**WHAT NEEDS TO BE DONE**. Your answer must be the lines from the first one in the material through the line with "13號 盤錦振興地區(qū)", retyped exactly and with no pictures.

**DATA EXCERPT**.
───
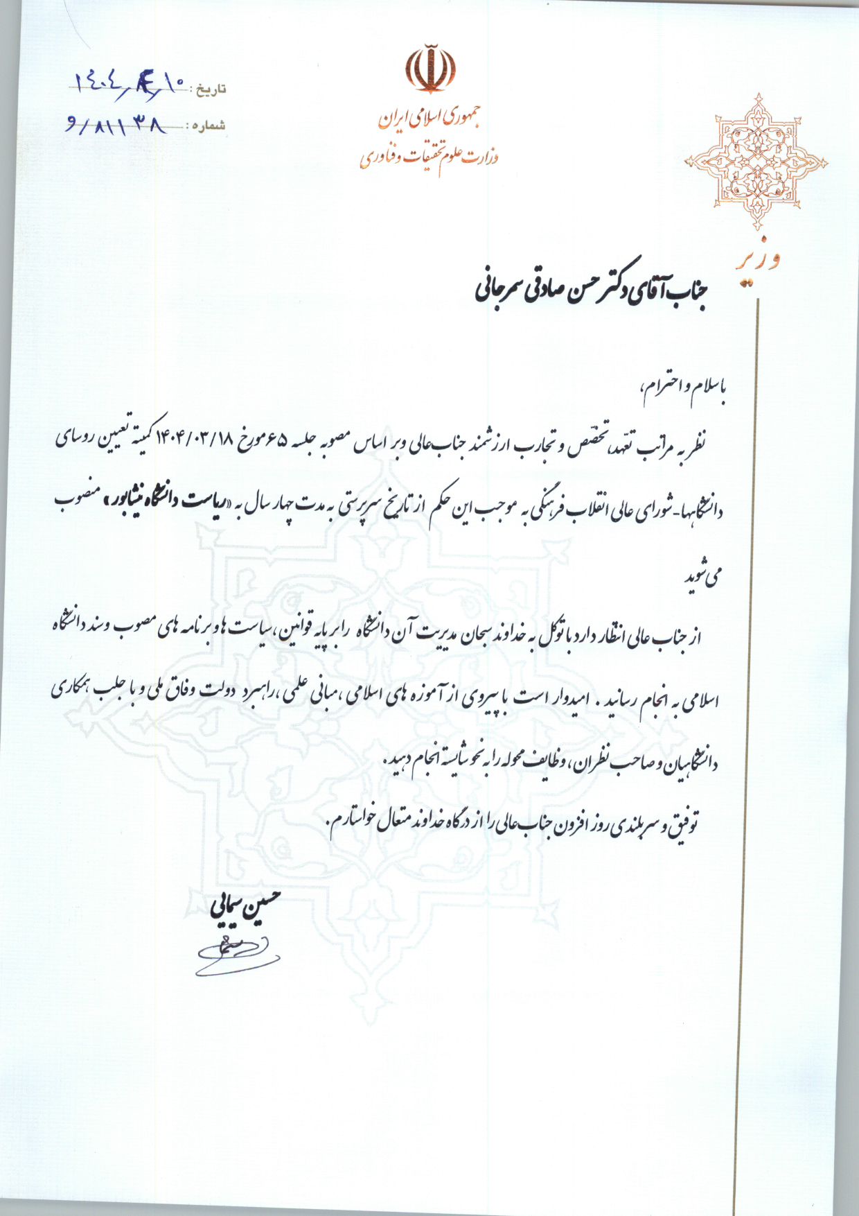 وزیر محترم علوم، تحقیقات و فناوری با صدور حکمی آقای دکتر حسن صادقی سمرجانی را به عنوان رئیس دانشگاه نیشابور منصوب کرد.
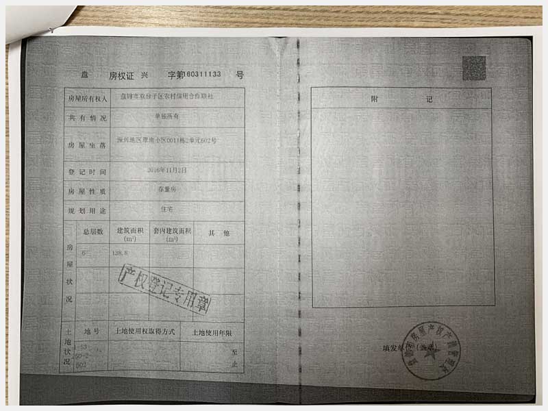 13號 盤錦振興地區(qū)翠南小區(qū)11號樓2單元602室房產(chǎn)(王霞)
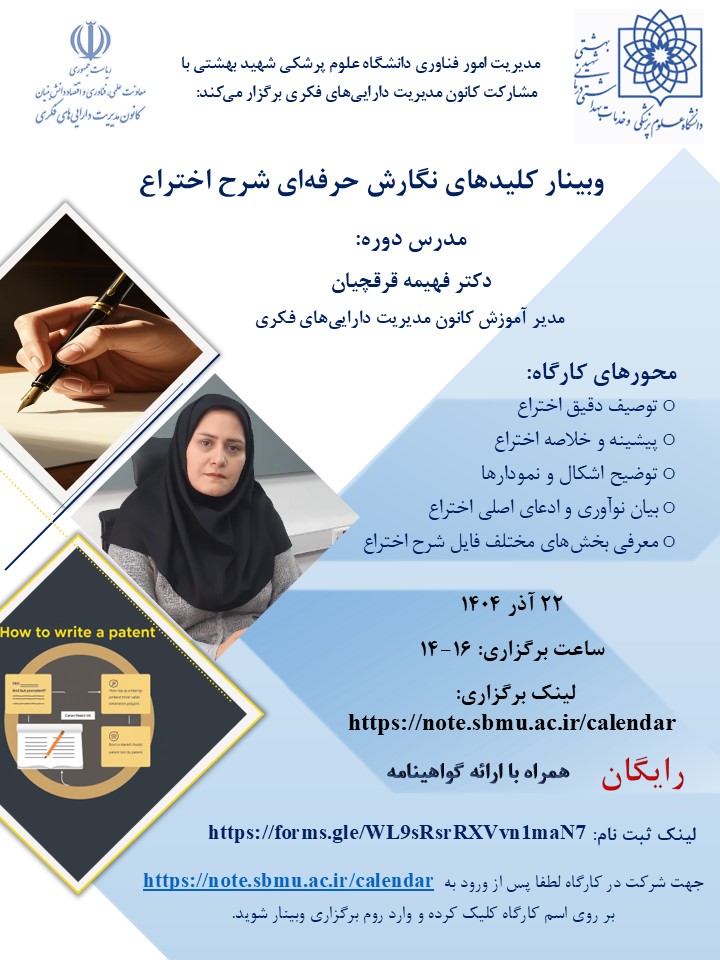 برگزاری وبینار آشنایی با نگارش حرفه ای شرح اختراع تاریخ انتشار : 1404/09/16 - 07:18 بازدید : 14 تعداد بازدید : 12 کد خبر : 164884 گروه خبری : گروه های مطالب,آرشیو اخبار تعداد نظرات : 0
───
**RESULT FOR THIS TASK**.
 وزیر محترم علوم، تحقیقات و فناوری با صدور حکمی آقای دکتر حسن صادقی سمرجانی را به عنوان رئیس دانشگاه نیشابور منصوب کرد.
 13號 盤錦振興地區(qū)翠南小區(qū)11號樓2單元602室房產(chǎn)(王霞)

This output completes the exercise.